[Aim of the task] Return the lines of the data below starting at the one holding "MISSGUIDED 우아한 러플 트림 긴팔 맥시 깅엄 투피스 세트-45%" and ending at the one holding "وعن كردان قال", word for word, leaving every picture out.

Top of Supplied records

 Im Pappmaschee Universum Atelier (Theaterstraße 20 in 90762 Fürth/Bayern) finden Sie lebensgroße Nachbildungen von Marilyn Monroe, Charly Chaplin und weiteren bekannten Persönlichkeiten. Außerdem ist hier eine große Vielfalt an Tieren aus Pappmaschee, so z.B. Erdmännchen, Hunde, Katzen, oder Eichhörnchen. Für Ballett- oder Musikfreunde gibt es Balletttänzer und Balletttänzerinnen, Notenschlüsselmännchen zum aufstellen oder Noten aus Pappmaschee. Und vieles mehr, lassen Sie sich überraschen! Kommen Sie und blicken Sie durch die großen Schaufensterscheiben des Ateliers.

Bottom of Supplied records
Top of Supplied records

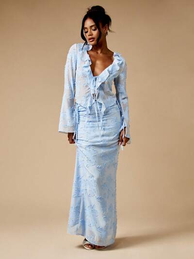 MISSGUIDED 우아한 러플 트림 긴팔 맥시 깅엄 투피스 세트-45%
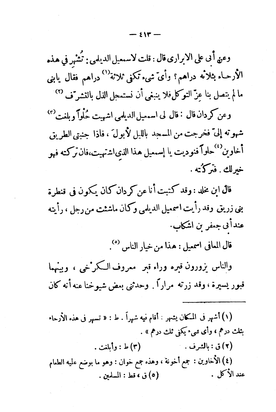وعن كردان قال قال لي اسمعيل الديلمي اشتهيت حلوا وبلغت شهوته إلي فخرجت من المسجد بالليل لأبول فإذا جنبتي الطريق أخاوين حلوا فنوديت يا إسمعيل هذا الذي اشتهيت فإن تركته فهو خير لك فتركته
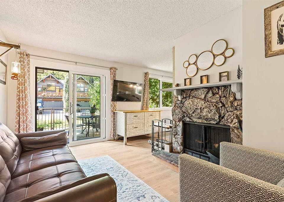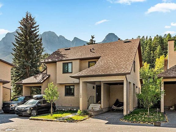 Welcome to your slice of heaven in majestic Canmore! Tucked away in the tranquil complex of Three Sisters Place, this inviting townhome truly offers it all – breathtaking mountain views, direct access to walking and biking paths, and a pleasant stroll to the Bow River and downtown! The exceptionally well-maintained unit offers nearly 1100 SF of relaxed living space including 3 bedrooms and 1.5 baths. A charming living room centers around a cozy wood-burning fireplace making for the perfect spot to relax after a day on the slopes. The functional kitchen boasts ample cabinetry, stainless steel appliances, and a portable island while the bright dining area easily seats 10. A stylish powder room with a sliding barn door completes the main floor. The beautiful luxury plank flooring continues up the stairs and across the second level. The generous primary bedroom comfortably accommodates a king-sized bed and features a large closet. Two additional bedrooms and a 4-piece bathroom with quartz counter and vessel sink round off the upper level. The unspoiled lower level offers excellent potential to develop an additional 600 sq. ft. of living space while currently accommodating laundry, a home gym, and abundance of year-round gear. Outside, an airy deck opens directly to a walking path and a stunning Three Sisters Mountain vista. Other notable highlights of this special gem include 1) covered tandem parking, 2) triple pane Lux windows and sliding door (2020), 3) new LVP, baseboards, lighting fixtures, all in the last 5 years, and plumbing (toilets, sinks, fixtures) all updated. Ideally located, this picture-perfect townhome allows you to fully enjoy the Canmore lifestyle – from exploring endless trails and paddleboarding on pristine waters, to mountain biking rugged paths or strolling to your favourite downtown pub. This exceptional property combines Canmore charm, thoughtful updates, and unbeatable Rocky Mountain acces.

Bottom of Supplied records
Top of Supplied records

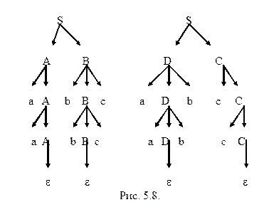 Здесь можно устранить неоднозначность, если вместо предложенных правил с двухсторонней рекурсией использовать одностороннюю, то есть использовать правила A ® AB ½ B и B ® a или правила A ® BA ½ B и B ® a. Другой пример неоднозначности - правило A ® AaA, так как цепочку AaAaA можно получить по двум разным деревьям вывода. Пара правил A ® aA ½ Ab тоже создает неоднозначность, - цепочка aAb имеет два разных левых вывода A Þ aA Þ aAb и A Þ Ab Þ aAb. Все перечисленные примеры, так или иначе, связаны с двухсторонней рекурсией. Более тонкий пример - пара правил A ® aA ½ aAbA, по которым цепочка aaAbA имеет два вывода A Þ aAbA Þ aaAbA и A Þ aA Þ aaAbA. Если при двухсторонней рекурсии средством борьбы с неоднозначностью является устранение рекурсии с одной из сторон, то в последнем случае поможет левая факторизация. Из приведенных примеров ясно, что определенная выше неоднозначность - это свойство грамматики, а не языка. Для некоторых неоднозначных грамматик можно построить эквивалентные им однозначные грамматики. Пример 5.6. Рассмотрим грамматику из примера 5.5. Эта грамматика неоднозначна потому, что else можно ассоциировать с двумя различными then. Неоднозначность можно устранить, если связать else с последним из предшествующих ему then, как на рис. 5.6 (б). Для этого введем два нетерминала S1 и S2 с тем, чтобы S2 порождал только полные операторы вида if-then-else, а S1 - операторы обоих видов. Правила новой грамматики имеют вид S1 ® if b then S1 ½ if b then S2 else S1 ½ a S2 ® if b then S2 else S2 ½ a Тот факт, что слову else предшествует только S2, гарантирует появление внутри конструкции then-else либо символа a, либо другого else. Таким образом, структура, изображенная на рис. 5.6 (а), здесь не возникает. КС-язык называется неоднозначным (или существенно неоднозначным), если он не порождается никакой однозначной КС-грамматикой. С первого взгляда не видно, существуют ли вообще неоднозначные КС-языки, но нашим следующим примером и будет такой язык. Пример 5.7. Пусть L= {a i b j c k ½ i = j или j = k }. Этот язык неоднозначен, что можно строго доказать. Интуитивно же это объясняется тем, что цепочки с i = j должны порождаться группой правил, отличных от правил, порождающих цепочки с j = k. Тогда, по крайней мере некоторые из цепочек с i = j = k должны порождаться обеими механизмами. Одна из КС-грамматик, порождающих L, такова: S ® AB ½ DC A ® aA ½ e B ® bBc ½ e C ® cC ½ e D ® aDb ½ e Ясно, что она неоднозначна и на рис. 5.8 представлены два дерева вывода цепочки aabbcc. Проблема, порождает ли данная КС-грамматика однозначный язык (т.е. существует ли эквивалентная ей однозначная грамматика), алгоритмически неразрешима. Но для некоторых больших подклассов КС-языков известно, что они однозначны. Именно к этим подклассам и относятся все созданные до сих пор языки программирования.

Bottom of Supplied records

[Result for this task]
 MISSGUIDED 우아한 러플 트림 긴팔 맥시 깅엄 투피스 세트-45%
وعن كردان قال قال لي اسمعيل الديلمي اشتهيت حلوا وبلغت شهوته إلي فخرجت من المسجد بالليل لأبول فإذا جنبتي الطريق أخاوين حلوا فنوديت يا إسمعيل هذا الذي اشتهيت فإن تركته فهو خير لك فتركته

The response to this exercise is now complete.